Yeah. And I have to say that I'm (very happily) surprised by just how small that patch really ends up being, and how it's not intrusive or ugly either.
I'm also very happy with just what it does to interactive performance. Admittedly, my "testcase" is really trivial (reading email in a web-browser, scrolling around a bit, while doing a "make -j64" on the kernel at the same time), but it's a test-case that is very relevant for me. And it is a _huge_ improvement.
It's an improvement for things like smooth scrolling around, but what I found more interesting was how it seems to really make web pages load a lot faster. Maybe it shouldn't have been surprising, but I always associated that with network performance. But there's clearly enough of a CPU load when loading a new web page that if you have a load average of 50+ at the same time, you _will_ be starved for CPU in the loading process, and probably won't get all the http requests out quickly enough.
So I think this is firmly one of those "real improvement" patches. Good job. Group scheduling goes from "useful for some specific server loads" to "that's a killer feature".
Initially a Phoronix reader tipped us off this morning of this latest patch. "Please check this out, my desktop will never be the same again, it makes a lot of difference for desktop usage (all things smooth, scrolling etc.)...It feels as good as Con Kolivas's patches."
Not only is this patch producing great results for Linus, Andre Goddard (the Phoronix reader reporting the latest version), and other early testers, but we are finding this patch to be a miracle too. While in the midst of some major OpenBenchmarking.org "Iveland" development work, I took a few minutes to record two videos that demonstrate the benefits solely of the "sched: automated per tty task groups" patch. The results are very dramatic. UPDATE: There's also now a lot more positive feedback pouring in on this patch within our forums with more users now trying it out.
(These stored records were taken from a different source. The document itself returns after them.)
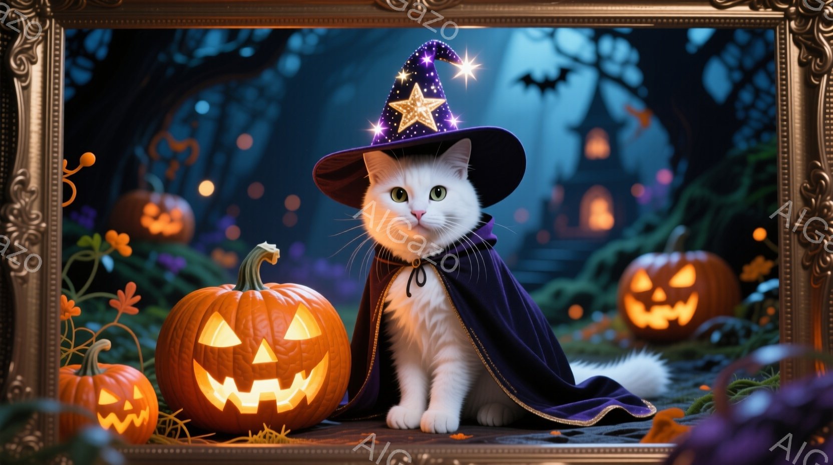 白い猫が、星が飾られた魔法使いの帽子と、金色の装飾が施された黒いマントを身に着けて座っています。周囲には、ジャック・オー・ランタンが灯っており、薄暗い森の中、木々の間から星が輝く夜の背景が広がっています。 全体的に、ハロウィーンの神秘的でかわいらしい雰囲気が漂っています。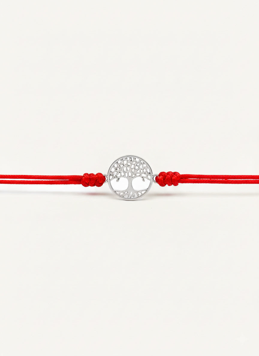Rădăcini adânci pentru un viitor înalt. Talismanul din Argint 925 ilustrează cu finețe "Copacul Vieții", simbolul universal al familiei, al creșterii și al legăturii indestructibile dintre generații. Designul este realizat prin decupaje precise (tehnică "open-work"), lăsând pielea să se întrevadă printre ramurile și rădăcinile stilizate, ceea ce oferă bijuteriei un aspect aerisit și delicat. Prinsă pe șnurul roșu protector, această brățară este un memento emoționant că, indiferent unde te poartă viața, rădăcinile tale rămân mereu cu tine.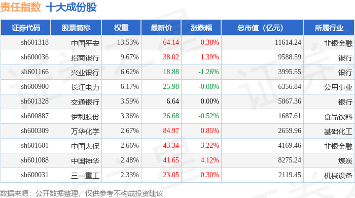 证券之星消息,1月26日,责任指数(000048)报收于1470.24点,涨0.7%,成交1398.7亿元,换手率1.43%。当日该指数成份股中,上涨的有47家,西部矿业以9.99%的涨幅领涨,下跌的有51家,禾迈股份以7.04%的跌幅领跌。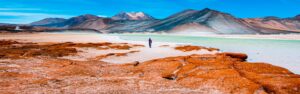 Wüste, Mondtal und Geysire: Dein Panorama für die nächsten Tage. Du fliegst nach Calama und dann geht es dorthin, wo du wirklich hinwillst: In das charmante Wüstendorf San Pedro de Atacama. Wüstenflair, Brauntöne in allen Schattierungen kombinieren sich hier aufs Vorzüglichste mit netten Cafes, Kneipen, Restaurants und kleinen Geschäften, wo du das eine oder andere Kunsthandwerk erwerben kannst. Vor der Abenddämmerung fährst du ins Valle de la Luna, das Mondtal, um den Sonnenuntergang in dieser bizarren mondähnlichen Landschaft mit ihren leuchtenden Farben zu erleben.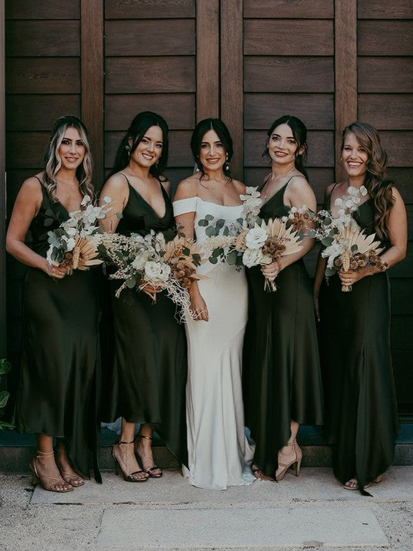 Wholesale Sheath/Column Silk like Satin Ruched V-neck Sleeveless Floor-Length Bridesmaid Dresses - US 2 / UK 6 / EU 32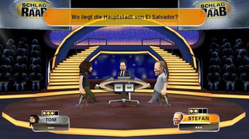 Treten Sie gegen Multitalent Stefan Raab an und versuchen Sie, dem ehrgeizigen Moderator zu zeigen, wer in Sachen Geschicklichkeit, Wissen und Action mehr auf dem Kasten hat. Stellen Sie im beliebten Quiz "Blamieren oder Kassieren" Ihr Allgemeinwissen unter Beweis und nutzen Sie ihre Geographie-Kenntnisse bei "Wo liegt was?". Beim "Pömpel-Spiel" geht's ordentlich zur Sache und beim "Kuh melken" können Sie Stefan zeigen, wer im Stall die Nase vorn hat. Das gilt natürlich nicht nur für Sie, sondern auch für Ihre Freunde, denn Schlag den Raab ist auch im Party-Modus ein Spassgarant. Holen Sie sich den Jackpot!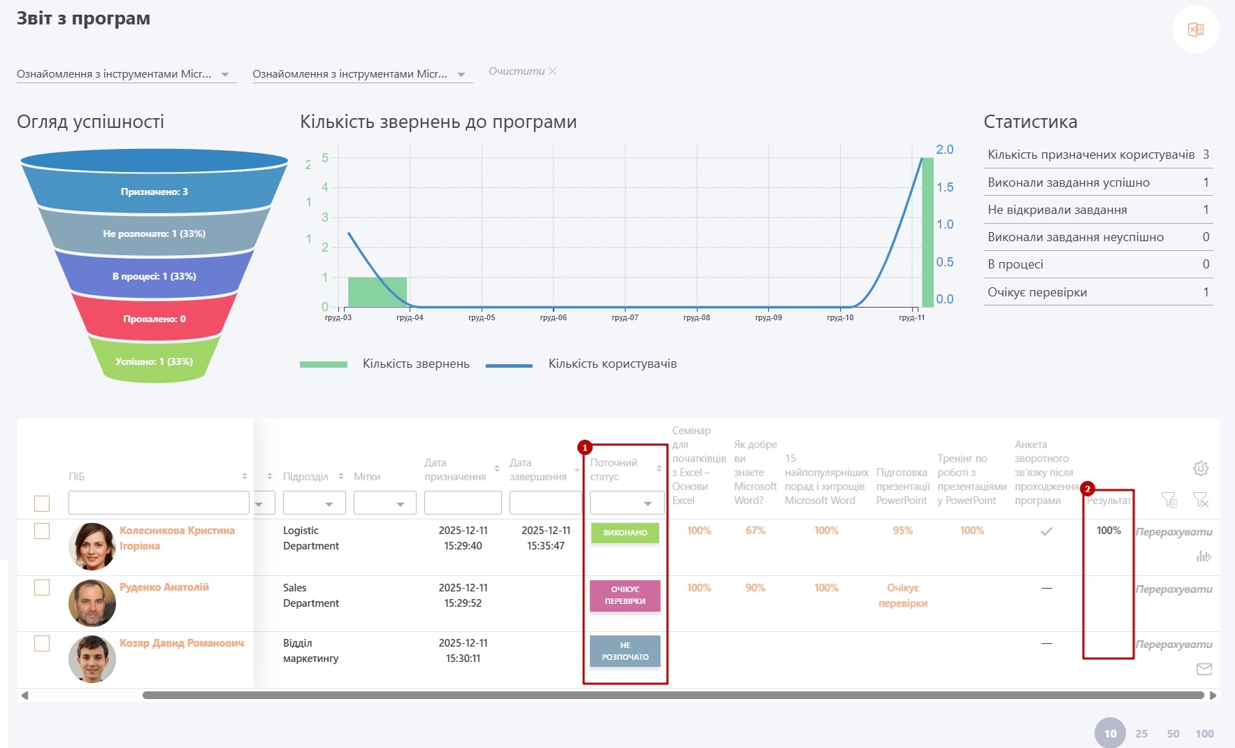 Результат виконання програми (2) - це відсоток успішного виконання елементів програми (тобто кількість успішно виконаних завдань відносно всіх елементів програми). Результат відображається у списку Мої завдання для користувача, на сторінці Історія навчання, в звітах - Звіт по програмам і Зведений звіт для адміністраторів та керівників.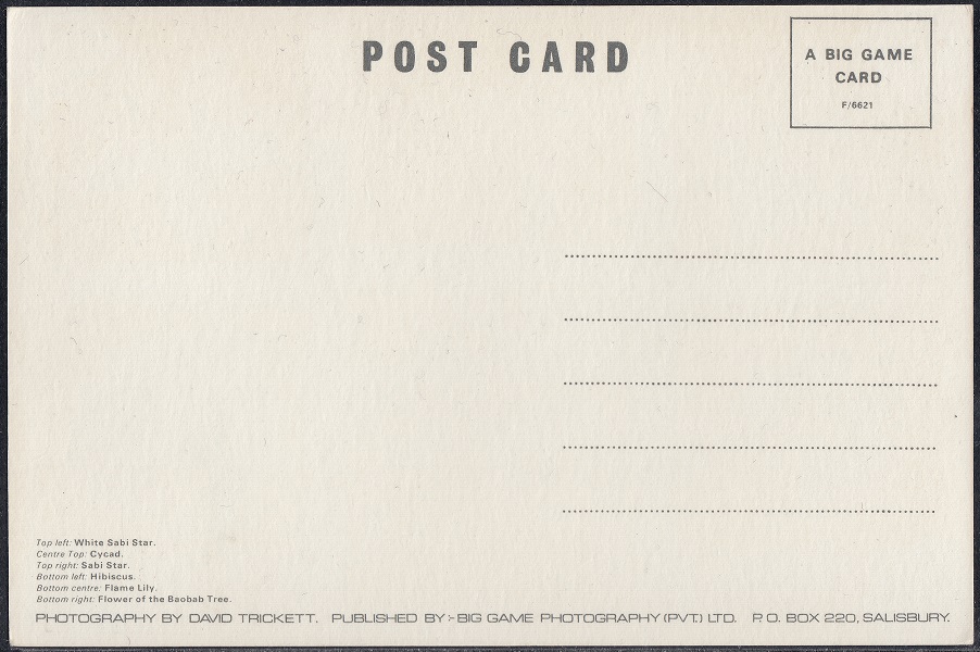 The Flame Lily (Gloriosa superba) is Rhodesia’s national flower. It is often found near or on rocky kopjes in good humus soil, and visited by the migrating African Vagrant butterflies when it blooms in December. The Shona name of Kajongwe is particularly apt for, as the wind shakes the plant, so the bright red petals twitch like a rooster’s comb.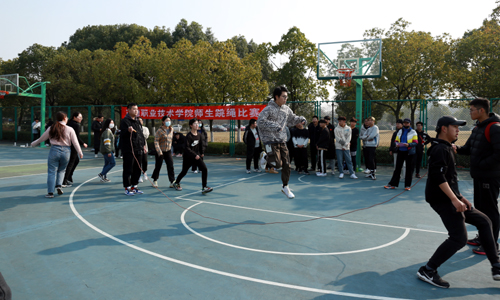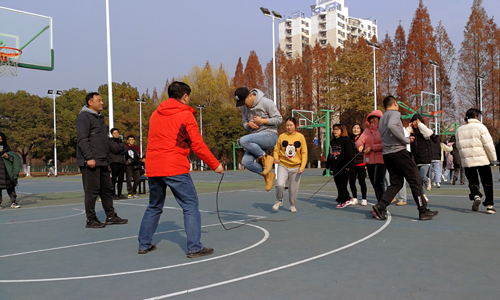 12月23日中午,由基础麻豆传媒-麻豆视频-麻豆性爱 系携手工会、团委共同举办的“绳彩飞扬”麻豆传媒 师生跳绳挑战赛在室外篮球场火热开赛,来自麻豆传媒 各系和各工会小组的同学、老师们现场挑战,一争高下。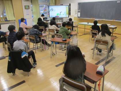 今朝は、3学期に入って初めての「お話会」が上学年で行われました。上の写真3枚は、4年生の様子です。教室をのぞいた時には、ハリネズミの話の真っ最中でした。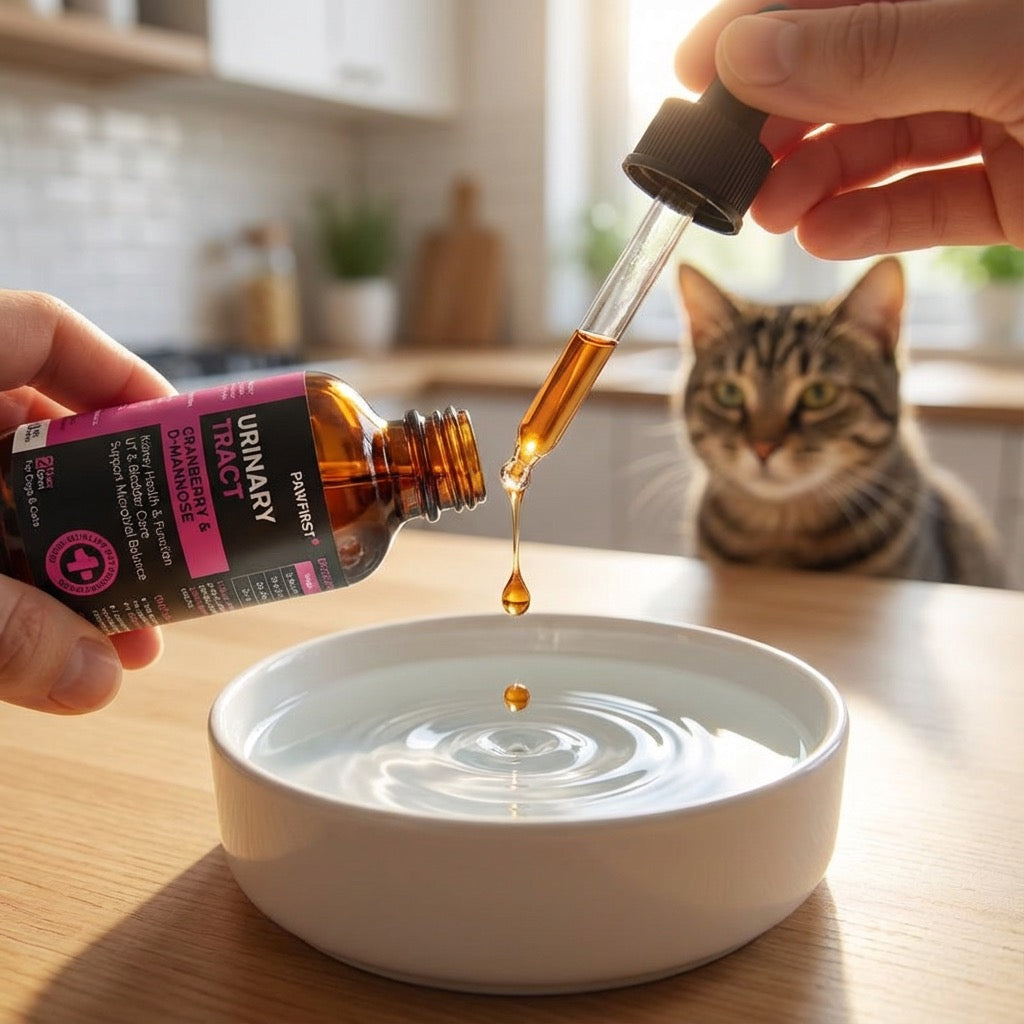 Just a few gentle drops added to your cat’s water to support urinary comfort, bladder health, and everyday happiness.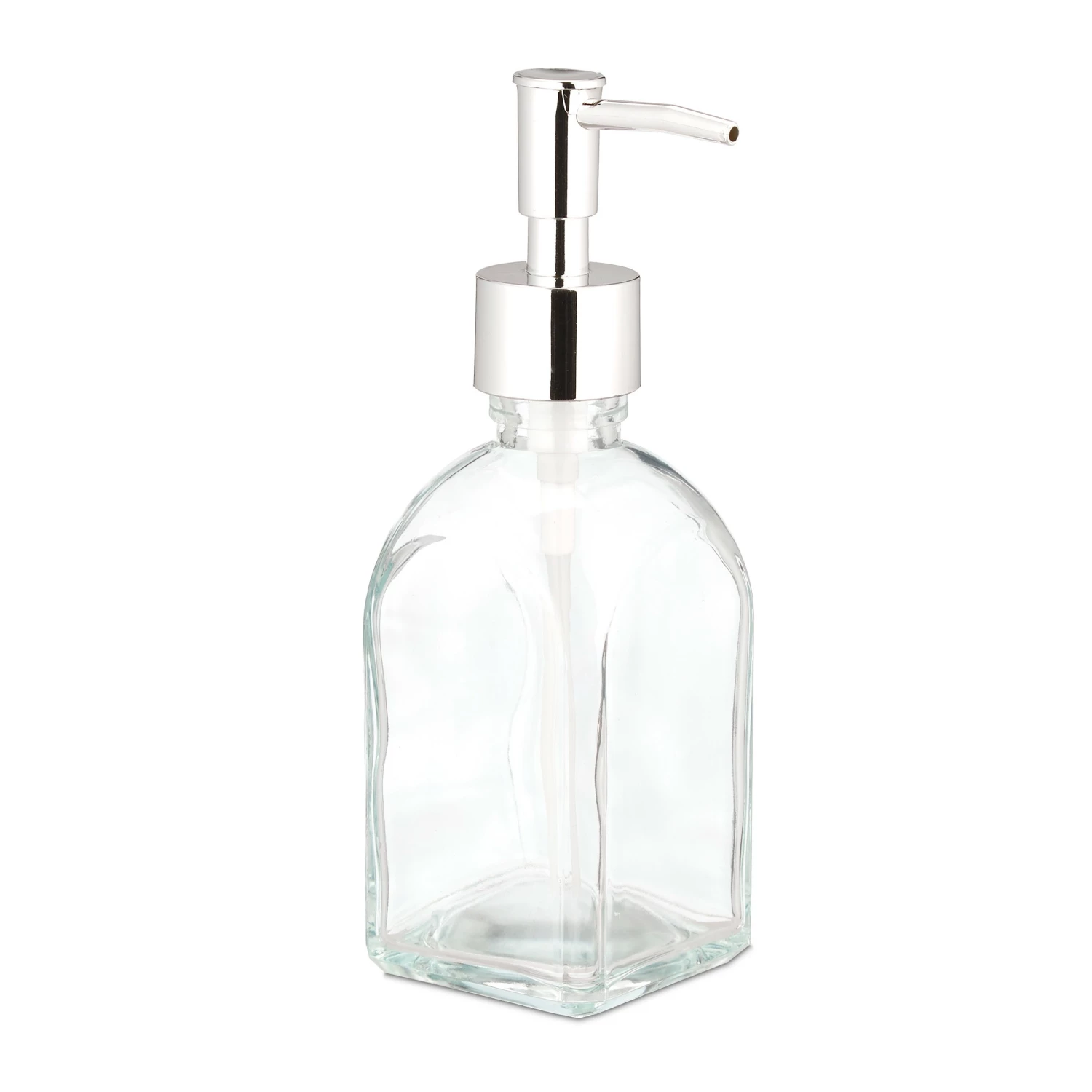 Die praktischen Seifenspender im 4er Set sind nicht nur dekorativ, sondern auch vielseitig einsetzbar. Ob Seife, Lotion, Duschgel, Shampoo oder auch Spülmittel – mit den Pumpspendern lassen sie sich optimal dosieren. Falls die Glasspender einmal leer sein sollten, lassen sie sich durch Abschrauben der Pumpvorrichtung einfach neu befüllen. Das edle Design aus Glas und einem Pumpkopf in Edelstahl-Optik machen die Handseifenspender zu einem eleganten Accessoire für Bad, WC und Küche.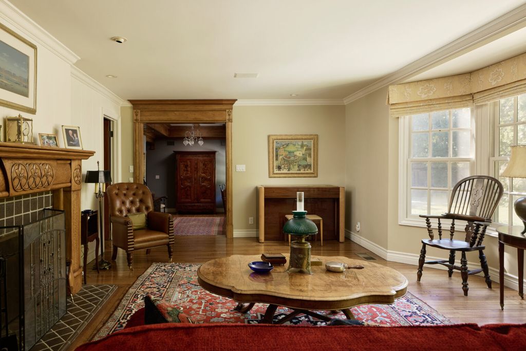Just beyond the foyer, the formal living room reveals the timeless character that defines much of the Patricia Richardson Brentwood home. The space centers around a carved wood fireplace framed by detailed millwork, while large windows allow natural light to fill the room throughout the day.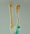 The polycomb gene FIE is expressed (blue) in unfertilised egg cells of the moss P. patens (right) and expression ceases after fertilisation in the developing diploid sporophyte (left). In situ GUS staining of two female sex organs (archegonia) of a transgenic plant expressing a translational fusion of FIE-uidA under control of the native FIE promoter.[22]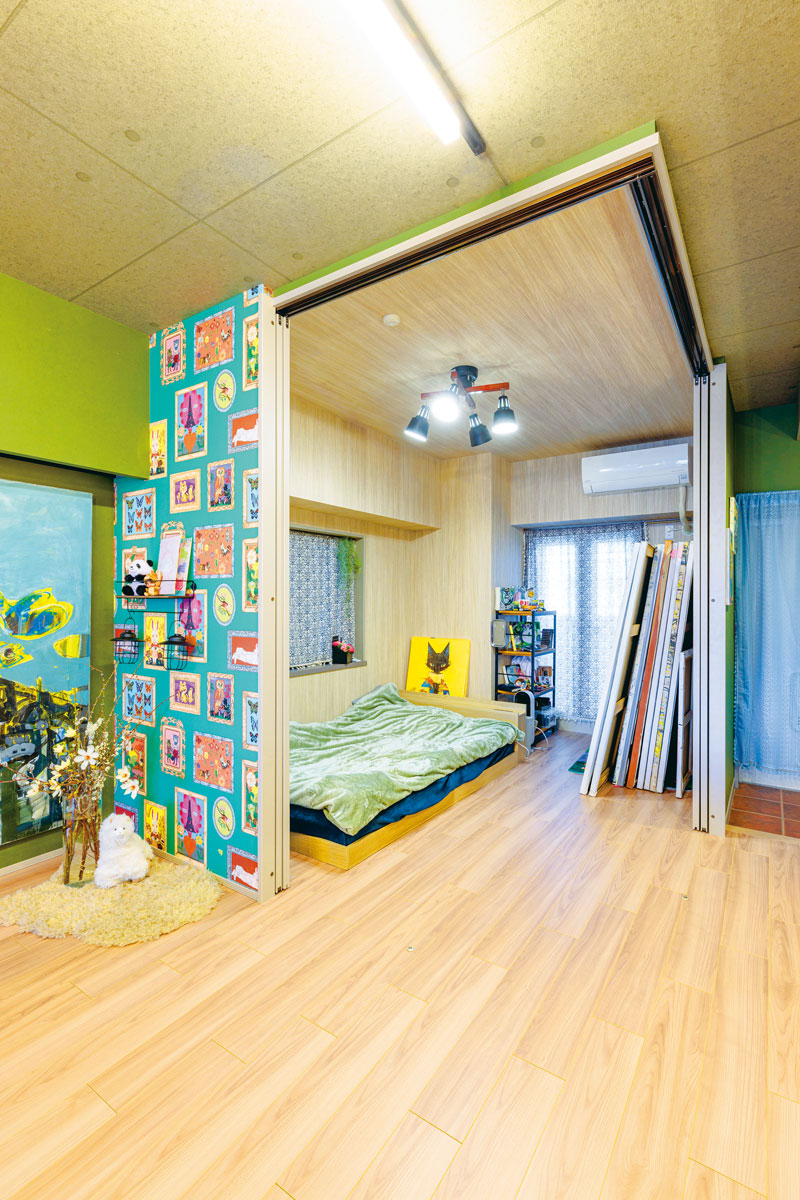 希望したのは、広いLDKが主役のワンルームのような空間にして、収納は1か所にまとめること。そして、100号の絵を3枚並べられる大きな壁を設けることでした。

This patch has been working out extremely great on all of the test systems I tried it out on so far from quad-core AMD Phenom CPUs systems to Intel Atom netbooks. For the two videos I recorded them off a system running Ubuntu 10.10 (x86_64) with an Intel Core i7 970 "Gulftown" processor that boasts six physical cores plus Hyper Threading to provide the Linux operating system with twelve total threads.
The Linux kernel was built from source using the Linus 2.6 Git tree as of 15 November, which is nearing a Linux 2.6.37-rc2 state. The only change made from the latest Linux kernel Git code was applying Mike Galbraith's scheduler patch. This patch allows the automated per TTY task grouping to be done dynamically on the kernel in real-time by writing either 0 or 1 to /proc/sys/kernel/sched_autogroup_enabled or passing "noautogroup" as a parameter when booting the kernel. Changing the sched_autogroup_enabled value was the only system difference between the two video recordings.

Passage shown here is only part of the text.